L’impostazione degli analisti parte da un presupposto chiaro: le oscillazioni intermedie non annullano il trend di lungo periodo. La volatilità viene considerata una caratteristica strutturale dell’asset, non un segnale di rottura del ciclo. Secondo il team di ricerca, la correzione recente non presenta i tratti tipici dei grandi mercati ribassisti del passato. La struttura del mercato viene giudicata più solida e sostenuta da capitali di qualità superiore rispetto ai cicli precedenti.

"Presentare il quantum computing come un “killer di Bitcoin” ignora le tempistiche, il percorso di aggiornamento e il fatto che l’intero mondo digitale condivide la stessa vulnerabilità — e probabilmente migrerà in modo coordinato." — Bernstein ha affermato

Questo quadro non implica l’assenza di rischi. Bitcoin continua a essere sensibile alla liquidità globale, alle decisioni delle banche centrali e agli sviluppi normativi. Fasi di avversione al rischio sui mercati tradizionali possono riflettersi anche sugli asset digitali. Nella lettura degli analisti, tuttavia, questi elementi incidono più sulla tempistica dei movimenti che sulla direzione strutturale del trend.

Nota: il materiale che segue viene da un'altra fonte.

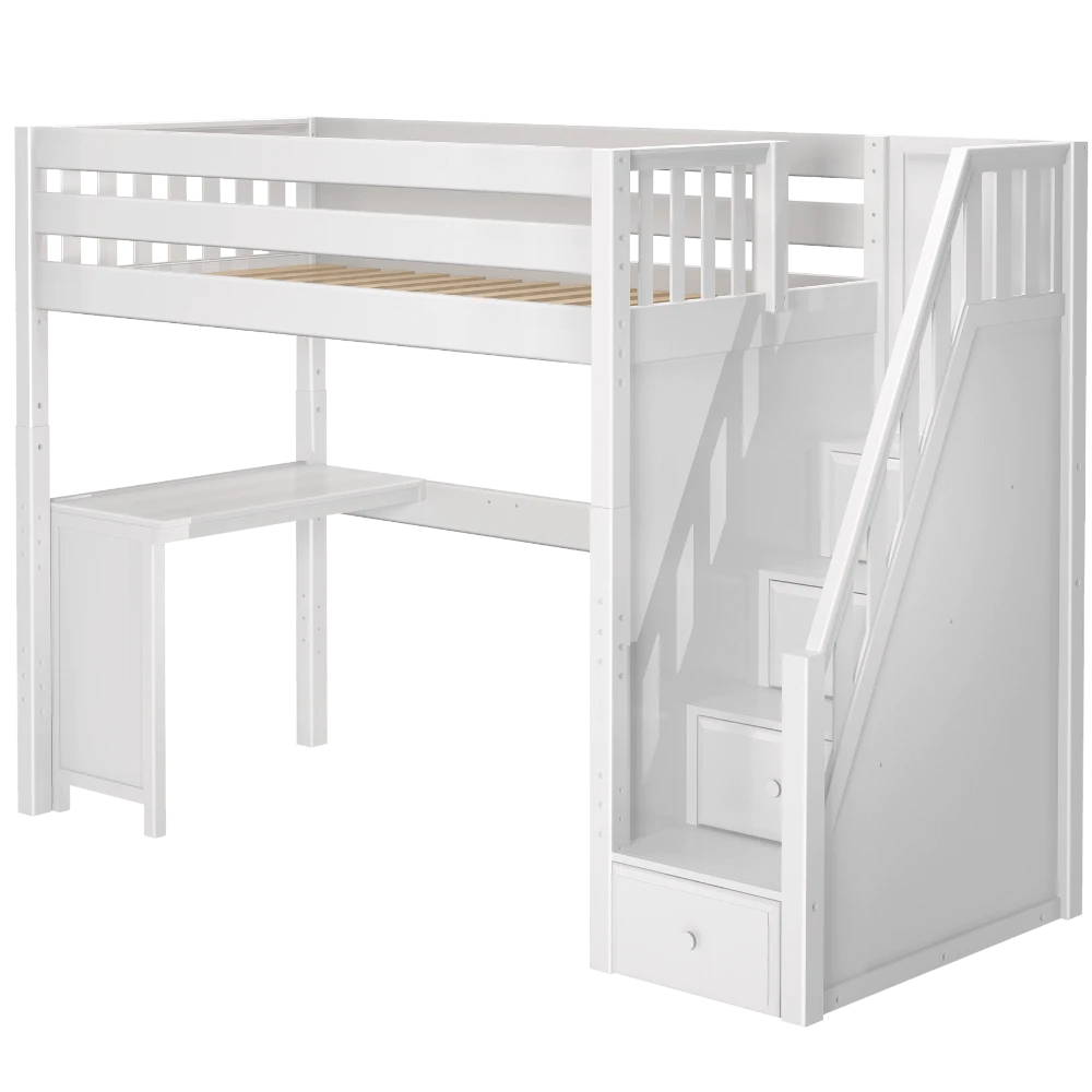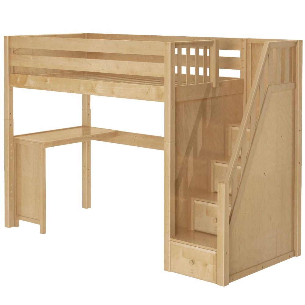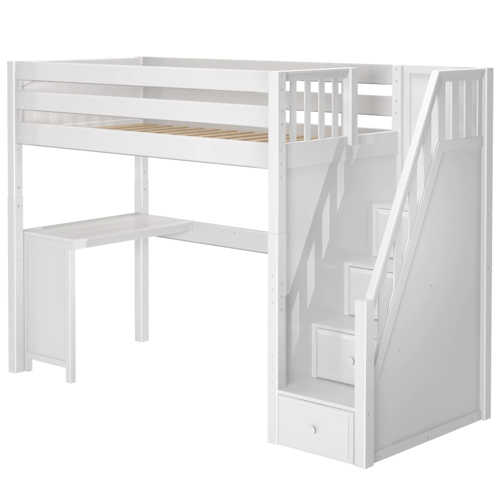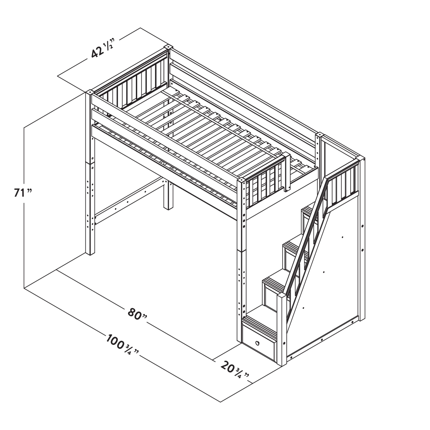 Our high loft with stairs becomes the ultimate sleep + study combo! Attached matching desk creates a functional spot for schoolwork and frees up valuable floorspace in your child’s bedroom. Easy to climb staircase steps double as storage drawers.
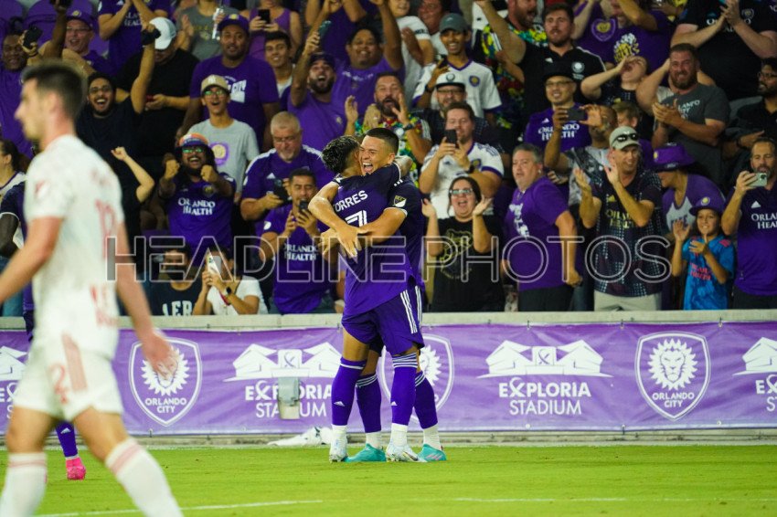 Orlando, Florida, USA, July 27, 2022, Orlando City SC Midfielder Cesar Araujo #5 hugs Facundo Torres #17 after scoring during the US Open Cup Semi Finals at Exploria Stadium. (Photo Credit: Marty Jean-Louis)

Correzione o reset costruttivo

L’interpretazione prevalente è quella di un riassetto costruttivo piuttosto che di un’inversione di ciclo. Dopo forti rialzi, le fasi di raffreddamento aiutano a riequilibrare il posizionamento e le aspettative del mercato.

Se i driver strutturali — adozione, infrastruttura e partecipazione istituzionale — continueranno a rafforzarsi, la fase attuale potrebbe essere letta come una pausa tecnica all’interno di un percorso più ampio. Per chi mantiene una visione di lungo periodo, il punto centrale non sono le oscillazioni settimanali, ma la traiettoria dei prossimi anni.